Altri temi di MyBB potrebbero apparire ancora più puliti, ma tenendo presente il pubblico tipico dei forum MyBB (:cough:), «pulito» non rappresenta esattamente l’apice di ciò che IDEO definirebbe «design pulito».


http://community.mybb.com/uploads/mods/previews/preview_84715_1409690739_c40e48d3b62ad70737844a17c86c4fee.png

Credo che l’aspetto affollato dipenda dalla natura del forum. Più le categorie sono disparate, meno risulterà accattivante una visualizzazione «ultimi argomenti da qualsiasi categoria», e viceversa.

Thought experiment: how would the Discourse landing page scale to a high-traffic forum with a large number of categories?

Examples:

You could override the categories page template to make something similar to the MyBB landing page. For your forum there could be a table for each category, and the table rows could be formed by looping through the subcategories.

I’ve tried doing this.
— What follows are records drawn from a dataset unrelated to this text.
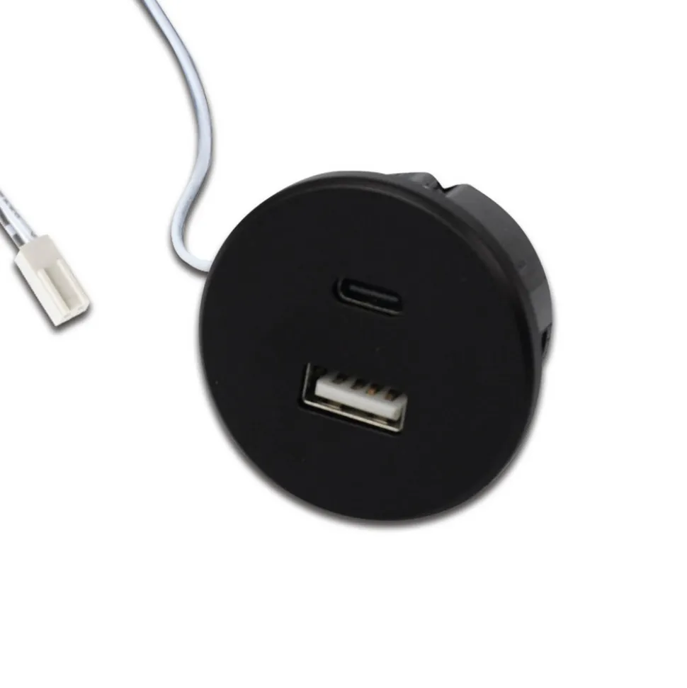 USB-A stikkontakt + USB-C, svart møbelinstallasjon 24V inngang 20W
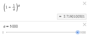 이건 반대로 "0에 가까운 수"를 넣을수록 e와 가까워지게 된다.
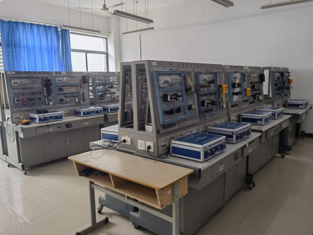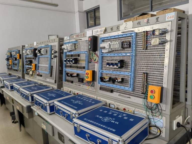 电气控制实训室是一个技术综合性较高的实训室,可用于机电一体化技术、电气自动化、应用电子技术等专业的学生在学完《电工基础》、《电机与电气控制》等课程后,进行综合技能训练。本实训室可开设电工考工实训、是学生的第二课堂;主要进行电气课程设计实训,能提供电机拖动、PLC等相关内容的各种实训项目,也可作为电工考证的考核重要场所。该实训室配备THWD-1C型维修电工技能实训考核装置25套,50个工位。实训装置主要有实训桌和网孔板组成,拥有电气控制柜,电机控制系统实验装置、电机控制系统演示装置等实训设备。有各种继电器、接触器、开关按钮等供学生选用,学生通过实训线路进行元器件的布局安装,接线全部由学生自行完成,有利于培养学生的动手能力和操作技能。能够开设三相异步电动机单向旋转控制电路的安装与调试、三相异步电动机正反转带点动控制电路的安装及调试、三相异步电动机正反转控制电路的安装与调试、三相异步电动机两地可逆控制电路的安装与调试、工作台自动往返控制电路的安装与调试、半波整流能耗制动控制电路的安装与调试、三相异步电动机顺序起动、逆序停车控制电路的安装与调试、三相异步电动机同时、分别起动、顺序停车控制电路的安装与调试、三相异步电动机星形-三角形降压起动控制电路的安装及调试、双速电动机自动加速控制电路的安装与调试、低压配电控制电路的安装与调试等多项实训和实验项目。
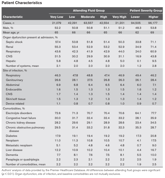 研究样本包括190,682例败血症(47%)和感染性休克(53%)入院患者,由美国612家医院的24,445名主治医生管理。基线患者特征在液体组之间相似(表1)。与低严重程度组相比,高严重程度组患者脓毒性休克、器官功能障碍和恶性肿瘤的发生率更高。

It’s difficult to get the latest topics that are associated with a subcategory in the category list.

You are comparing Latest to a list of categories. Apples to oranges. I know you know this, you even addressed it.

As for the benefits of a presentation à la myBB, I’d say even though it is cleaner, it is also way less informative. I also felt overwhelmed the first time I had seen Discourse, but now I wouldn’t go back to the legacy way of presenting topics. I agree some things could be hidden or toned down to make it clearer, but not to the detriment of information. Compare the density of relevant information for someone that is looking for interesting/relevant topics (highlighted in red):

If you argue that some people prefer to drill down inside categories to see the topics that are relevant to them, then they should bookmark that category instead of the whole forum.

I feel like I’m not making sense but I hope you understand.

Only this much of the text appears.